In an embodiment, the one or more user interfaces provide instructions and controls to obtain the input image 126, and VTO product selection input 130 such as an identification of one or more VTO products to try on. In an embodiment, the products may be recommended to a user. In an embodiment, the products may be selected by a user without having been recommended per se. That is, instances of the products may be presented such as from a data store of products and the user selects an instance to virtually try on. In an embodiment, the input image 126 is a user's face image, for example, including hair for a hair-related VTO, which can be a still image or a frame from a video. In an embodiment, the input image 126 can be received from a camera (not shown) of device 102 or from a stored image (not shown). The input image 126 is provided to face tracker 104B such as for processing to detect objects in the input image 126 using one or more deep neural networks 106B. In an example, the network classifies, localizes or segments for a hair portion in the image.
In an embodiment, output (not shown) from the face tracker 104B, such as classification results, localization results or segmentation results for one or more detected objects, is provided to VTO rendering pipeline component 116. In an example, the output may comprise a hair mask. The input image 126 is also provided (e.g. made available) to component 116. The VTO product selection 130 is also provided to component 116 for determining which effects are to be rendered. In an embodiment related to makeup simulation, one or more effects can be indicated such as for any one or more of the product categories comprising: lip, eye shadow, eyeliner, blush, etc. In a hair-only VTO embodiment, only a hair effect is applied.
VTO rendering pipeline component 116, in an embodiment, determines whether to render one or more product effects to the input image 126 to simulate a try on. In an embodiment such as one that is related to makeup, for example, responsive to facemask classification output, VTO rendering pipeline component 116 can determine not to render a product effect to all or a portion of a face, for example, because a mask is detected. When a facemask is detected, for example, VTO rendering pipeline component 116 can trigger the user interface 414 to ask the user to remove the facemask. A new image can be received and processed by face tracker 104B. In an embodiment, images are continuously received as a component of a live stream (e.g. a selfie video).

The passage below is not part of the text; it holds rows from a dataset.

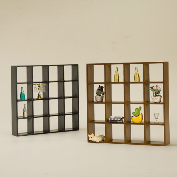 The sixteen-grid display cabinet is a small piece of furniture specially designed for miniature scenes and dollhouse setups, featuring a clever structure and a simple appearance.
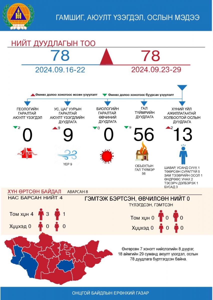 Улсын хэмжээнд өнгөрсөн долоо хоногт /2024.09.23-29/ нийслэлийн 8 дүүрэг, 18 аймгийн 29 суманд аюулт үзэгдэл, ослын 78 удаагийн дуудлага бүртгэгдлээ.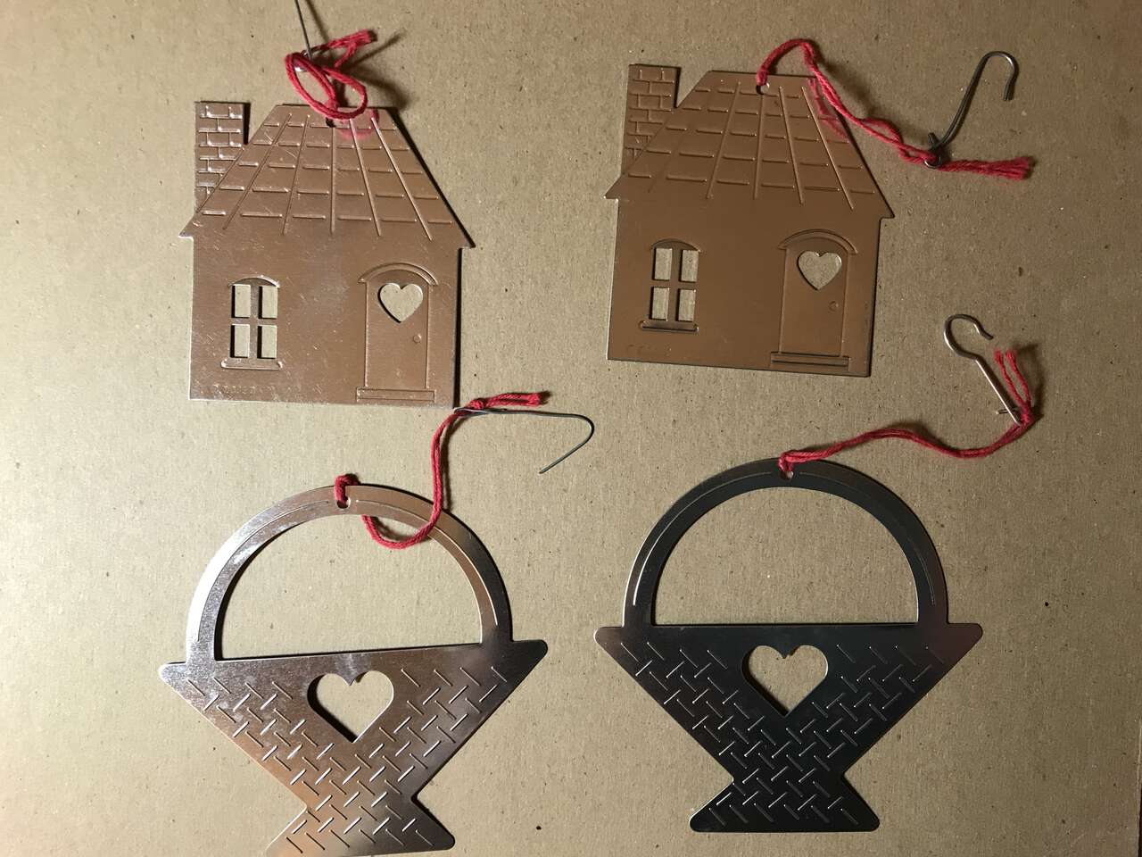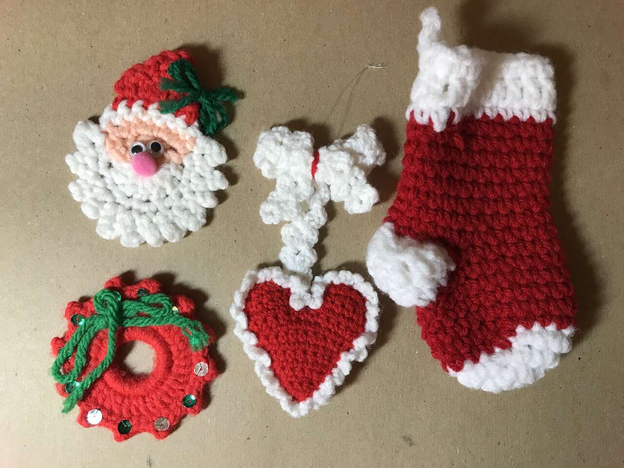 4 Crocheted Ornaments, pic 4 and 5 Crocheted Silvery Pink Ornaments, pic 5 and 2 clip on Snowmen ornament 5 1/2" tall, pic 6. 7 die cut Chipboard Ornaments. The tallest ornament is 5". The first 3 were manufactured in 1984, pics7 - 8. $10.00

For example, in an embodiment where more than one product effect is to be applied to the input image, the VTO rendering pipeline component 116 may render effects (e.g. on or to) for the input image 126 such as by drawing (rendering) effects in layers, one layer for each product effect, to produce output image 128. Layering may be assisted by use of overlays in some examples. Some examples may change pixel values of the input image itself without overlaying, per se.

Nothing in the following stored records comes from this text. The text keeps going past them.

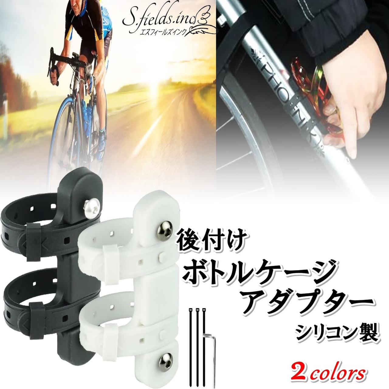 ボトルケージを後付け追加できる自転車用シリコン製ボトルケージアダプターです。ブラックとホワイトの2カラーからお選びいただけます。
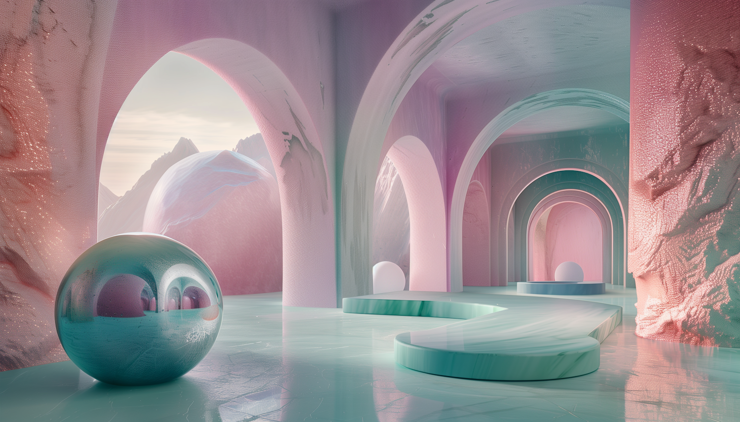 Surreal pastel arches and reflective sphere create a dreamlike scene with soft light and distant mountains in the background.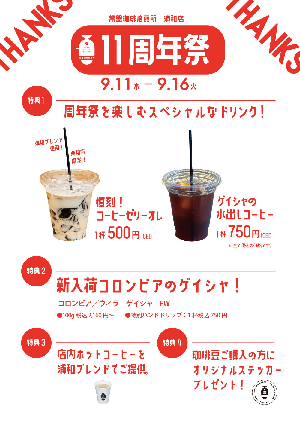 ④コーヒー豆ご購入の方にオリジナルステッカープレゼント!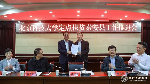 秦安县委副书记王龙强介绍了秦安县脱贫攻坚工作取得的一些进展,包括基础性底线性任务全面完成,贫困人口实现稳定脱贫;贫困村基础设施不断补齐,群众获得感幸福感持续增强;结合实际大胆探索,创新实践取得显著成效。王龙强表示,秦安县取得的这份脱贫攻坚工作“成绩单”,离不开91传媒 的鼎力帮扶,尤其是今年4月15日校地双方工作推进会召开以来,各项帮扶工作有力有序推进。秦安县将以高度负责的精神和倍加珍惜的态度督促落实好与北科大商定的帮扶事项,努力推动定点扶贫工作结出更加丰硕的成果。

Portions of the operations of VTO rendering pipeline component 116 (e.g. such as for drawing the layers) can be performed by a graphics processing unit, in an embodiment. The rendering is in accordance with product data 120 as selected by VTO product selection 130 and is responsive to the location of detected objects. For example, a VTO product selection of a lipstick, lip gloss or other lip related product invokes the application of an effect to one or more detected mouth or lip-related objects at respective locations. Similarly a brow related product selection invokes the application of a selected product effect to the detected eye brow objects. Typically, for symmetrical looks, the same brow effects are applied to each brow, the same lip effect to each lip or the same eye effect to each eye region, but this need not be the case. In an example, the rendering is applied to a region that is relative to the detected objects, such as adjacent one or more such detected objects. Some VTO product selections comprise a selection of more than one product such as coordinated products for brows and eyes or other combinations of detected objects. VTO rendering pipeline component 416 can render each effect, for example, one at a time until all effects are applied. The order of application can be defined by rules or in the selection of products e.g. lipstick before a top gloss.
In an embodiment where an occluding object is detected and the location is determined, for example, as represented in a segmentation mask, the rendering can be responsive to such a segmentation mask. Rendering of an effect can be applied to portions of the face that are not occluded. A segmentation mask can indicate the pixels of the face that are available to (e.g. may) receive an effect such as a makeup effect and those pixels that are not available to receive an effect.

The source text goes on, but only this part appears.